Eine Anmerkung sei an dieser Stelle noch gegeben: Die Angabe zum Zoo Berlin bei dieser Art ist etwas irreführend, da diese Art auch nur sehr kurzzeitig dort vertreten war! Hier wäre eine genauere Angabe wünschenswert.
(14.07.2009, 14:17)
Henry Merker:   @Holger Wientjes:
Die habe ich gestern übersehen, da ich nur nach ehemaligen Haltern gesehen habe und die Tiere noch im Bestand sind.
(14.07.2009, 13:52)
Holger Wientjes:   In DO wurden auch Saigas gehalten, so viel ich weiss.

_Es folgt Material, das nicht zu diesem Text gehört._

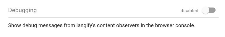 With the Debugging enabled, langify will output information in the browser console about its JavaScript activity.
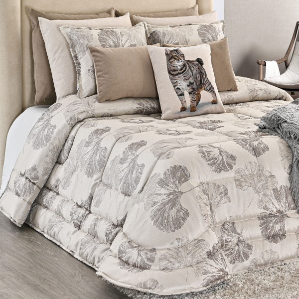 Edredon bege com Jacquard cinza prata ao centro. Inclui 2 almofadas 45x60cm com fecho e enchimento lisas em cinza prata.

Und HZA sind doch auch Gazellen.
(14.07.2009, 00:03)
Henry Merker:   @André Haubrich:
Pardon: "Die von dir gestellte..."
(13.07.2009, 22:53)
Henry Merker:   @André Haubrich; Kuhantilopenthread, Frage vom 13.07.2009:
Die von Ihnen gestellte Frage läßt sich nur schwer beantworten. Nachdem ich die Zootierliste in der Kategorie "Ducker, Gazellen, Böckchen" nach Tieren aus Dortmund durchsucht habe, bin ich zu keinem Fund gekommen. Falls es sich um einen Ducker gehandelt hätte, hätte ich die Frage im Duckerthread beantwortet; so bleiben nur Spekulationen, wenn dieses Tier nicht etwa in der Kategorie "Antilopen" zu finden ist.

Darum leite ich an dieser Stelle die Frage an alle anderen Forumsteilnehmern weiter - denn vielleicht gab es ja tatsächlich mal in Dortmund Gazellen oder Böckchen, die EBENFALLS in diesem Thread behandelt werden können. Ein weiterer Grund ist die eigentliche Thematik im Kuhantilopenthread.
(13.07.2009, 22:52)
Henry Merker:   Vorbemerkung:
Da es im Kuhantilopenthread einige Anfragen zu den "kleineren Antilopen" gab, die ich an dieser Stelle als Gazellen interpretiere, soll es in diesem Thread um die Haltung und Zucht von Gazellen in den Zoologischen Gärten der Welt gehen. Ich hoffe, dass es genügend Interessenten für diesen Thread geben wird.